[Start of section]

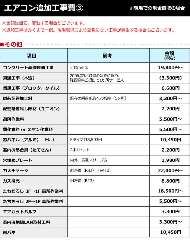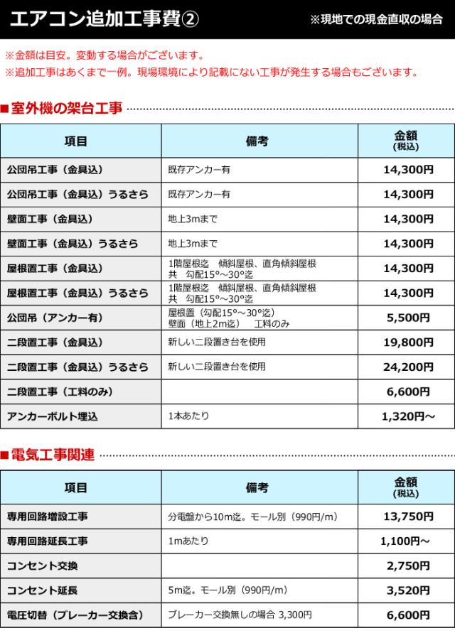 エアコン取付標準工事 ※単体でのお申込み不可。当店でエアコン本体をご注文の上、お申込みをお願い致します。 ※離島および一部の地域で、別途料金が発生する場合がございます。(地域によっては工事に伺えない場合もございます。) ※委託業者へ手配致します為、商品到着翌日以降の取付となります。 ※標準工事以外の追加工事(旧エアコンの取外・廃棄含む)が発生する場合には、その場で工事業者が集金させて頂きます。 ※ダイキン社製の「うるさら」シリーズ等、加湿/換気機能付きのエアコンは対応できません。別途掲載しております、加湿/換気エアコン用の標準工事をお申込みください。 標準工事費は、配管の穴・専用のコンセントがあり、配管パイプの長さが4メートル以内、室外機はベランダ、もしくは地面に置ける場所での工事費です。
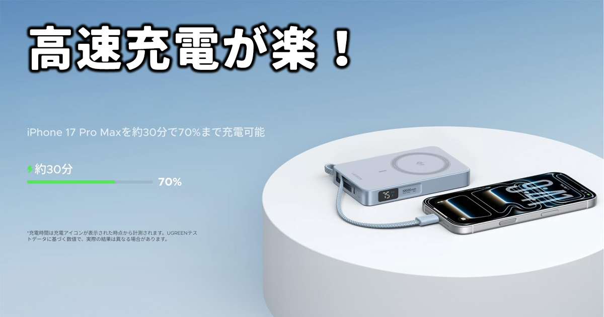 急速充電性能も非常に高く、スマートフォンはもちろん、iPadや一部ノートPC(MacBook Airなど)まで充電できる実用性があり、ビジネス用途でも強力に活躍。ケーブル内蔵+高出力+軽量薄型という三拍子がそろった万能モデルで、iPhone17 Proを含むUSB-Cデバイスとの相性は抜群。旅行・通勤・ビジネスにまで幅広く使える完成度の高い1台です。
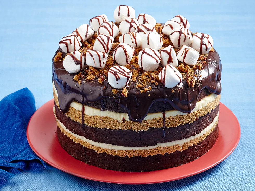 8.Reserve 1/4 cup of fudge sauce. Pour remaining over top of cake, allowing it to drizzle down sides. Roughly crush reserved biscuits. Sprinkle over top with extra marshmallows. Drizzle with reserved sauce.
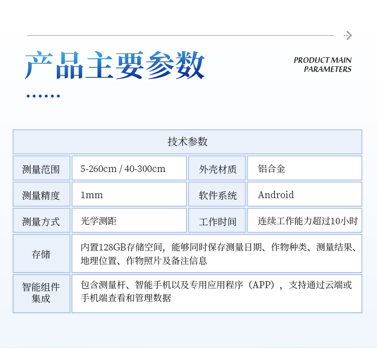 10、广泛应用性 - 最大测量高度可达3米,适用于大多数类型的农作物株高测量需求。
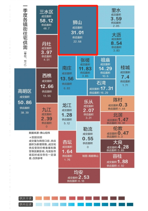 2018年排名前列季度各镇街住宅供需图(数据来源:佛山经纬)
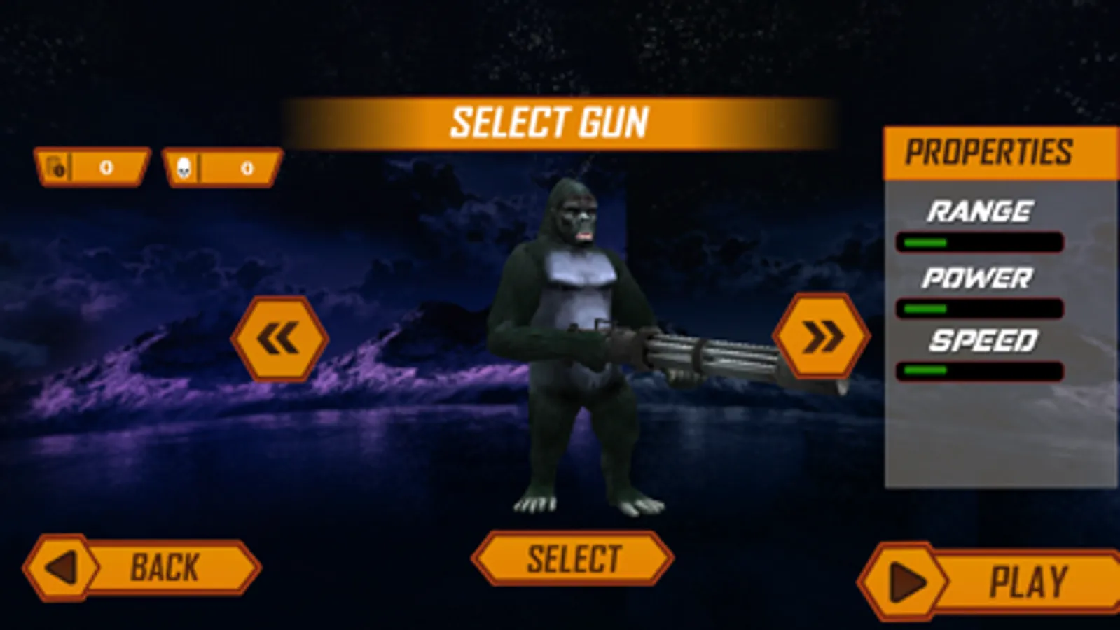 - Three different thrilling/entertaining gorilla shooting levels
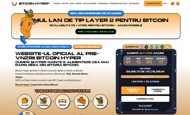 Până la mijlocul lui septembrie 2025, Bitcoin Hyper a strâns deja peste 16,8 milioane de dolari în presale, cu un preț de 0,012945 USD pe token. Proiectul oferă și staking cu randamente ridicate, atrăgând atât investitori individuali, cât și „balenele crypto”. Roadmap-ul include lansarea testnetului până la finalul lui 2025 și listarea tokenului nativ $HYPER pe burse de criptomonede.

[End of section]

What to produce ::
In your copy, repeat each record exactly and include no pictures.

Problem solution ::
 エアコン取付標準工事 ※単体でのお申込み不可。当店でエアコン本体をご注文の上、お申込みをお願い致します。 ※離島および一部の地域で、別途料金が発生する場合がございます。(地域によっては工事に伺えない場合もございます。) ※委託業者へ手配致します為、商品到着翌日以降の取付となります。 ※標準工事以外の追加工事(旧エアコンの取外・廃棄含む)が発生する場合には、その場で工事業者が集金させて頂きます。 ※ダイキン社製の「うるさら」シリーズ等、加湿/換気機能付きのエアコンは対応できません。別途掲載しております、加湿/換気エアコン用の標準工事をお申込みください。 標準工事費は、配管の穴・専用のコンセントがあり、配管パイプの長さが4メートル以内、室外機はベランダ、もしくは地面に置ける場所での工事費です。
 急速充電性能も非常に高く、スマートフォンはもちろん、iPadや一部ノートPC(MacBook Airなど)まで充電できる実用性があり、ビジネス用途でも強力に活躍。ケーブル内蔵+高出力+軽量薄型という三拍子がそろった万能モデルで、iPhone17 Proを含むUSB-Cデバイスとの相性は抜群。旅行・通勤・ビジネスにまで幅広く使える完成度の高い1台です。
 8.Reserve 1/4 cup of fudge sauce. Pour remaining over top of cake, allowing it to drizzle down sides. Roughly crush reserved biscuits. Sprinkle over top with extra marshmallows. Drizzle with reserved sauce.
 10、广泛应用性 - 最大测量高度可达3米,适用于大多数类型的农作物株高测量需求。
 2018年排名前列季度各镇街住宅供需图(数据来源:佛山经纬)
 - Three different thrilling/entertaining gorilla shooting levels
 Până la mijlocul lui septembrie 2025, Bitcoin Hyper a strâns deja peste 16,8 milioane de dolari în presale, cu un preț de 0,012945 USD pe token. Proiectul oferă și staking cu randamente ridicate, atrăgând atât investitori individuali, cât și „balenele crypto”. Roadmap-ul include lansarea testnetului până la finalul lui 2025 și listarea tokenului nativ $HYPER pe burse de criptomonede.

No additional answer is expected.